Date & Time:
Wednesday, February 22, 2012; 11:00 AM
The human visual system processes complex patterns of light into a rich visual representation where the objects and motions of our world are made explicit. This remarkable feat is performed through a hierarchically arranged series of cortical areas. Little is known about the details of the representations in the intermediate visual areas. Therefore, we ask the question: can we predict the detailed structure of the representations we might find in intermediate visual areas?

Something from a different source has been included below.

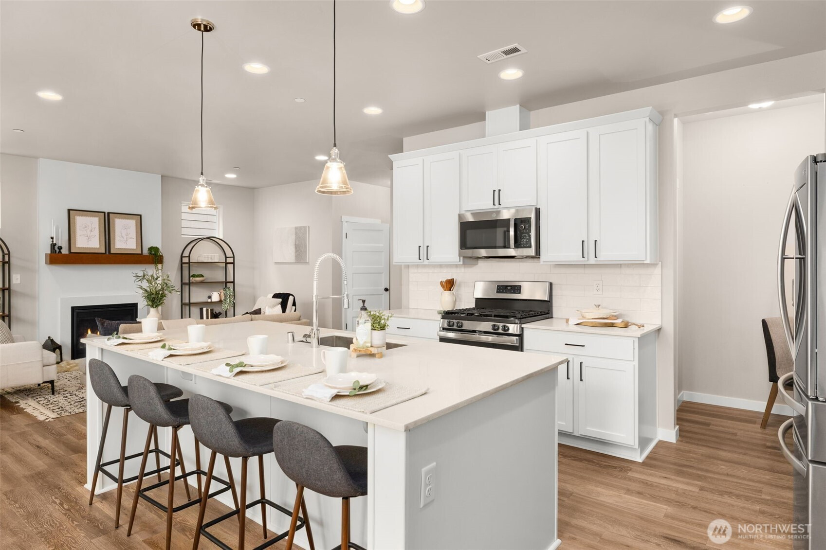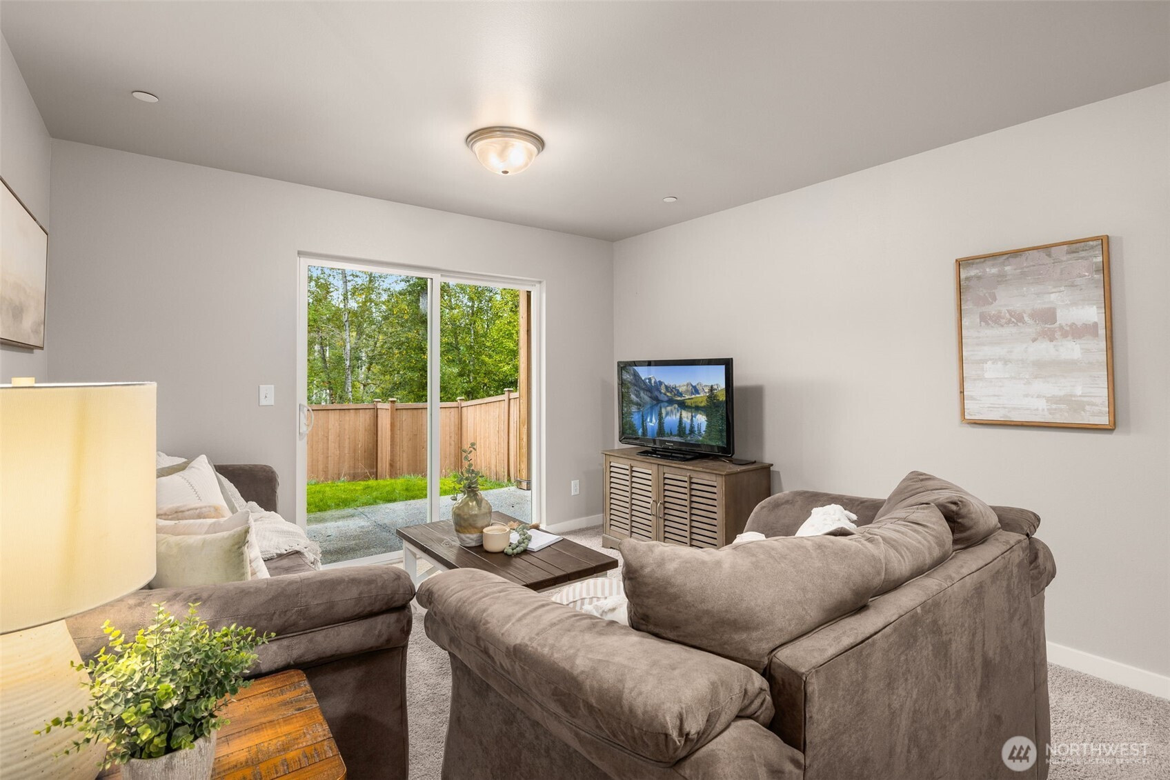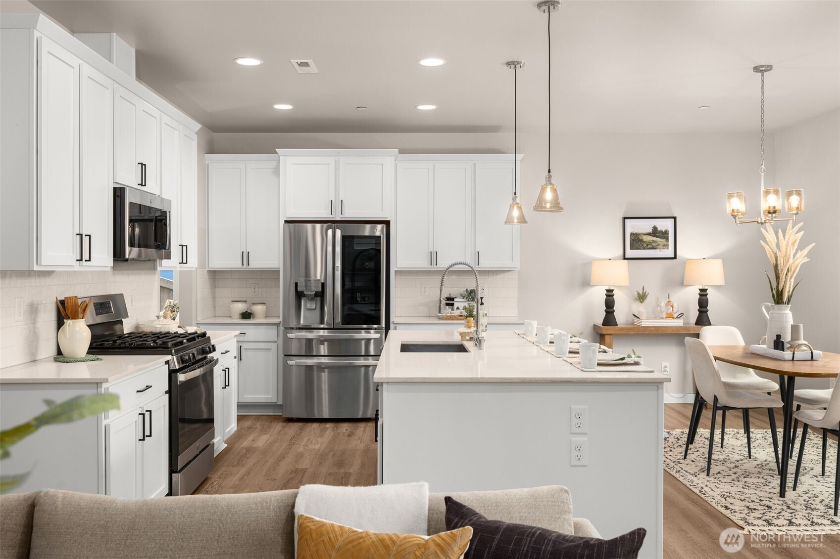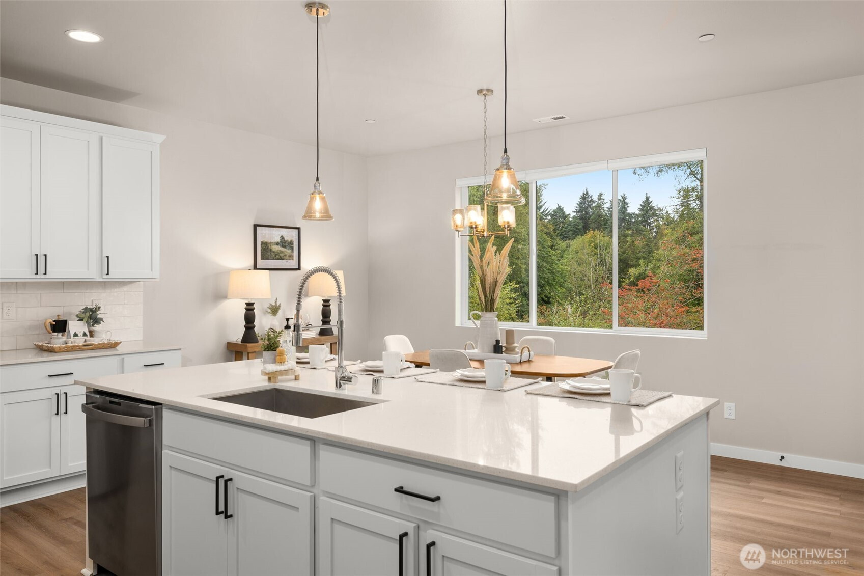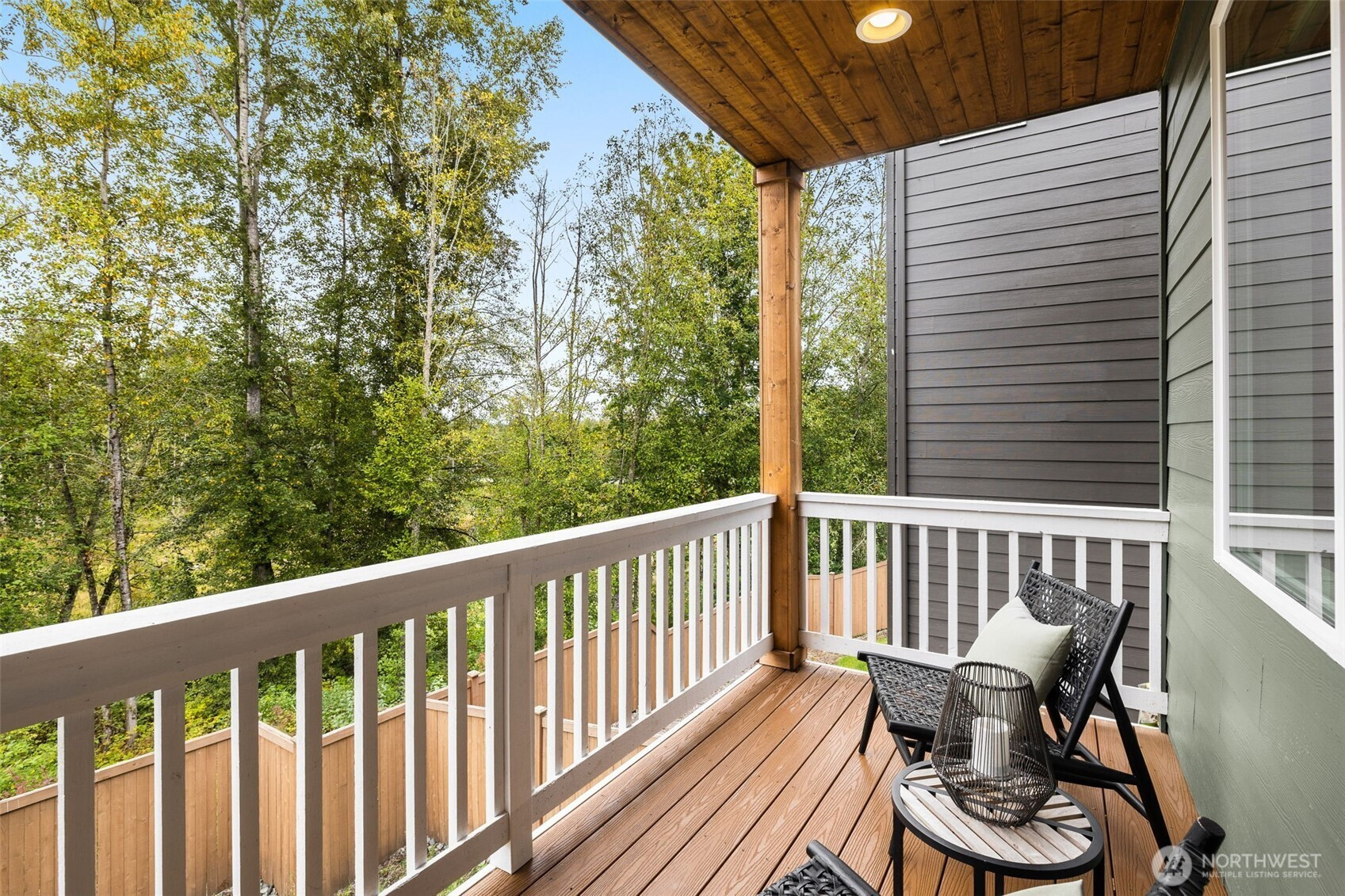 Backing a serene greenbelt in Bella Cresta, this stunning 2 year old, 5BR/3.5BA home blends modern style with light-filled, spacious living & family-friendly design. Open main level features hardwood floors, quartz kitchen with tile backsplash & pantry, dining area, and cozy gas fireplace. Finished basement w/ living area, full bath & walk-in closet is perfect for guests, movie nights, or a home office. Loft, rec room & pocket office offer flexible space. Spa-style primary bath w/ dual showerheads & soaking tub. Covered patio & deck overlook fully fenced yard. Community park, sport court, picnic area & walking paths. Heat pump ensures year-round comfort. Quick access to Hwy 9 & I-5. Style, space & lifestyle just waiting for it's new owner!

In pursuit of this question, I will present a model of intermediate-level visual representation that is based on learning invariances from movies of the natural environment and produces predictions about intermediate visual areas. The model is composed of two stages of processing: an early feature representation layer, and a second layer in which invariances are explicitly represented. Invariances are learned as the result of factoring apart the temporally stable and dynamic components embedded in the early feature representation. The structure contained in these components is made explicit in the activities of second-layer units that capture invariances in both form and motion. When trained on natural movies, the first-layer produces a factorization, or separation, of image content into a temporally persistent part representing local edge structure and a dynamic part representing local motion structure. The second-layer units are split into two populations according to the factorization in the first-layer. The form-selective units receive their input from the temporally persistent part (local edge structure) and after training result in a diverse set of higher-order shape features consisting of extended contours, multi-scale edges, textures, and texture boundaries. The motion-selective units receive their input from the dynamic part (local motion structure) and after training result in a representation of image translation over different spatial scales and directions, in addition to more complex deformations. These representations provide a rich description of dynamic natural images, provide testable hypotheses regarding intermediate-level representation in visual cortex, and may be useful representations for artificial visual systems.
Dr. Charles Cadieu
McGovern Institute for Brain Research, MIT
Charles received his BS and MEng from MIT in EECS and conducted research in computational neuroscience at CBCL under Tomaso Poggio. He then went to UC Berkeley for his PhD in Neuroscience working in the Redwood Center for Theoretical Neuroscience. He has worked on models of biological visual processing, visual representation for computer vision, and statistical techniques for understanding complex neural phenomena. He has also played key roles in a number of companies, including IQ Engines, a startup working to bring visual search to mobile phones.